High School Kids made a version of Turing’s $750 drug Daraprim at the cost of just $2

High School Kids made a version of Turing’s $750 drug Daraprim at the cost of just $2

Daraprim is one of the drugs on the World Health Organization list of Essential Medicines for treating toxoplasmosis. Toxoplasmosis is parasitic infection particularly dangerous to people with compromised immune systems (such as HIV patients), pregnant women, and the elderly.

Turing Pharmaceuticals, a US-based biotech company, has the U.S. rights to produce and distribute this life-saving drug solely. Prior to Turing’s acquisition of the said rights, the drug sold for $13.50. After the acquisition, Turing boosted its price by over 5,000% to $750. Driving it out of the reach of not just many Americans but millions of sick people around the world.

Martin Shkreli, a hedge-fund manager, turned pharmaceutical company CEO, played a leading role in Turing’s acquisition of the U.S. rights to producing Daraprim. And its subsequent price hike from $13.50 to $750; attracting widespread condemnation, with some media sources calling him “the most hated man in America.”

If a discovery made in November by high-school aged students from Sydney, Australia is anything to by, Shkreli and Turing days of making a big fortune out of people’s sickness is numbered.

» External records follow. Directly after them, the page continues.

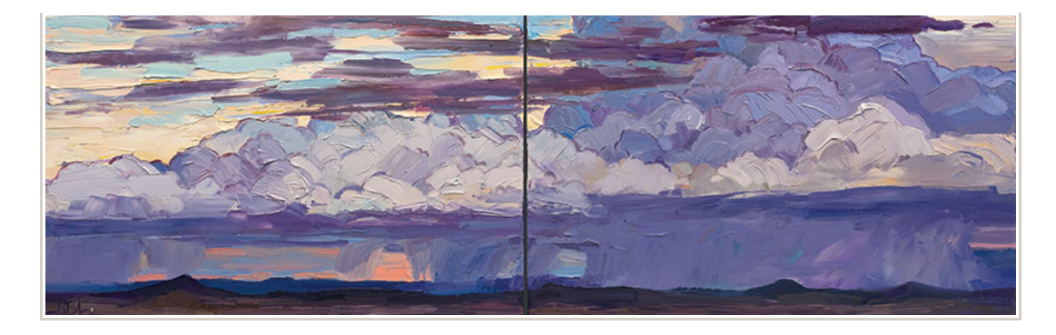
"Evening swell," oil on canvas, 20"H by 64"W

"I've always had a predilection for texture, and I use a lot of it these days," says Lee. "When a piece is dry, I love to rub my hands over it and feel the oils. I like the fact that paint is a material. There's something interesting cognitively about having an identifiable image come out of this raw, colored substance. You go up close, and it's completely unrecognizable, but then you step back and its a cloud or a mountain. For me, that's probably the most fun part of my work."
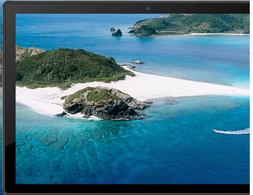
Image: The tablet displaying a high-resolution image, illustrating the 10.1-inch IPS HD screen and indicating the 5MP front and 8MP rear camera capabilities.
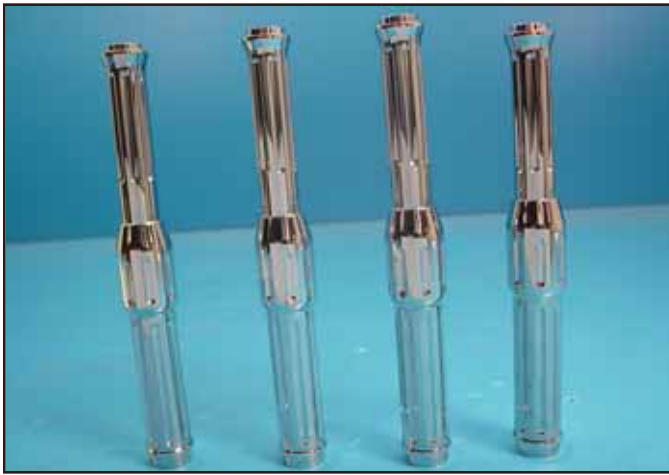
1984-99 Chrome Billet Pushrod Cover Kit includes all pieces and seals for complete installation on Ev BT models. VT No. 11-0947
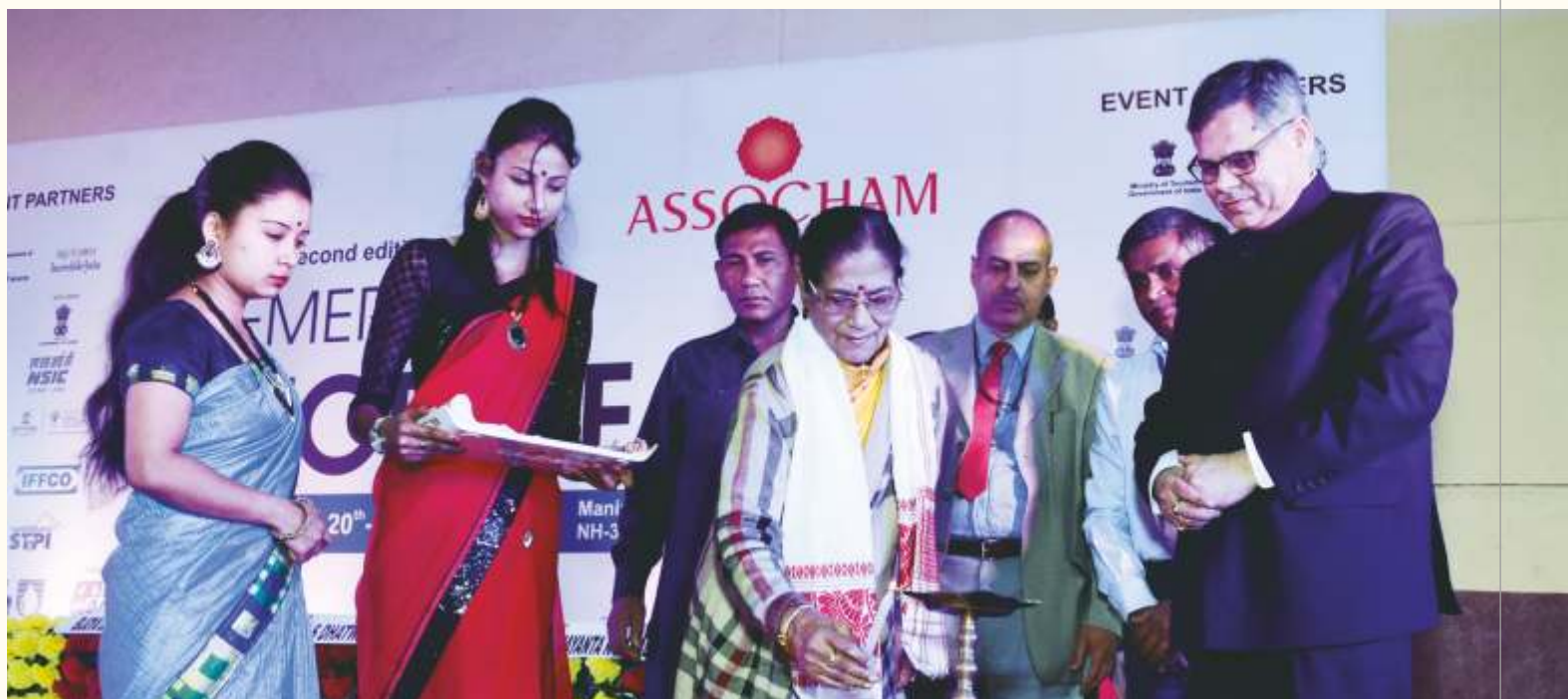
Smt Bijoya Chakravarty, Hon'ble Member of Parliament – Lok Sabha lightening lamp of 2nd Edition of Emerging North East 2019 held from 20-22 Feb, 2019 in Guwahati, Assam
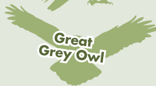
Great Grey Owl
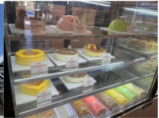
Shilla Bakery's grand opening celebration in Vienna is planned on Wednesday, July 30.

VIENNA, VA — After Korean-style Shilla Bakery opened its doors in Vienna during June, a grand opening celebration is planned Wednesday.
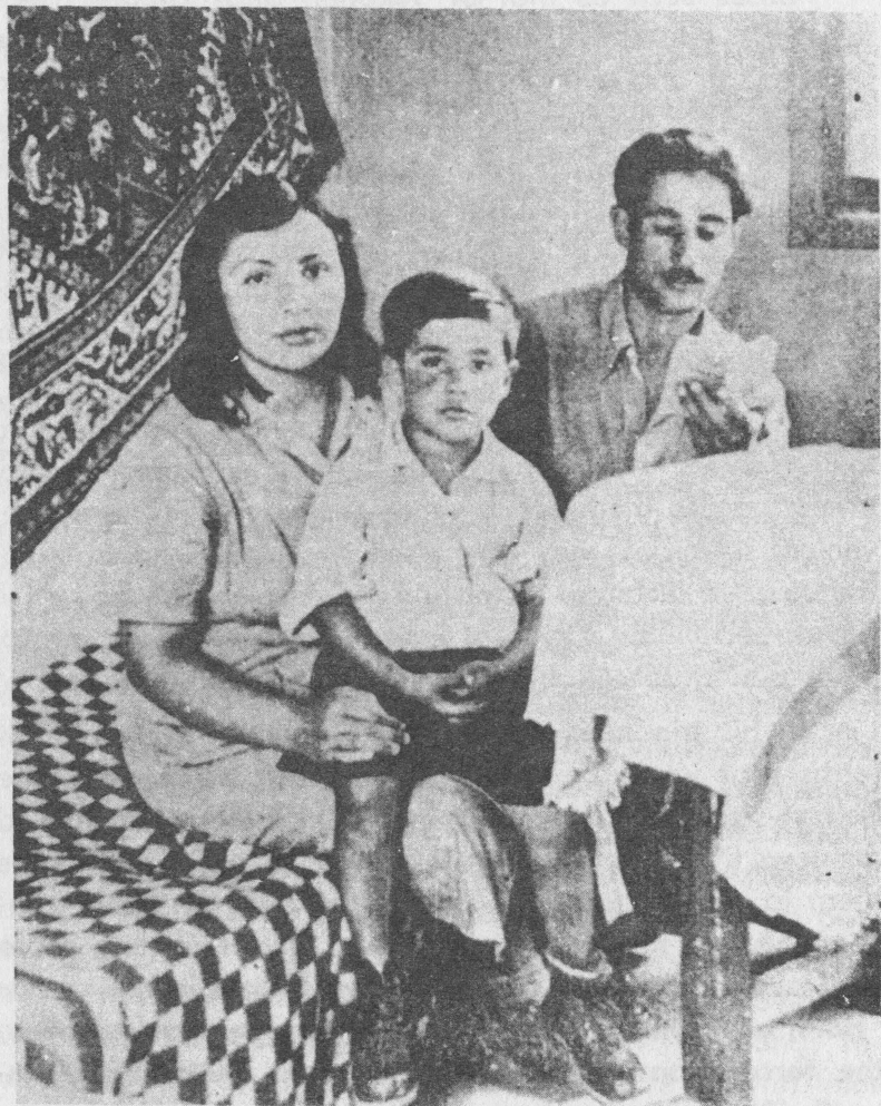
MARRANO FAMILY; THIS IS TO SAY CLANDESTINE JEWS, OF IRAN. THEY ARE PIOUS MOSLEMS IN PUBLIC AND JEWS IN SECRET.

Photo taken from the Great Jewish work titled: " Castilian Jewish Encyclopedia ". Additional volume titled " Contemporary Judaism ". Mexico, D. F. 1961. Word Marrano. p. 878, 1st. col. MODERN MARRANISM.

The Sydney Grammar School students claim to have successfully synthesized the exact equivalent of the Daraprim drug but at 0.27% of the cost. The drug they have synthesized costs just $2 per dosage, compared to $750 charged by Turing Pharmaceuticals.

The students with the help of their chemistry teacher and a chemist from the University of Sydney worked together remotely via the website Open Source Malaria. A platform used by researchers in the fight against mosquito-borne diseases using readily available drugs. The drug they collaboratively came up with was tested using a technique called spectroscopy, and the results show the compound, pyrimethamine, is exactly like Turing’s Daraprim.

According to their chemistry teacher, these students started with $37 worth of (4-chlorophenyly) acetonitrile, and with it made 3.7 grams of pyrimethamine. The technique they used in making the drug is different from Turing’s patented technique; a deliberate move to avoid any copyright infringements.

However, if indeed these students have the exact replica of Shkreli and company’s Daraprim. Then they journey and fight to the wide scale productions has just begun. There are numerous regulatory, production, and market forces they must overcome; some of which, Martin Shkreli has started throwing their way.

You would think Shkreli, working for a big-time pharmaceutical company researching on curing some of the world’s deadliest diseases would be thrilled with these kids discovery. Apparently, these Australian kids development means bad business for them, and it would appear further research outside their organization should be ridiculed and discouraged.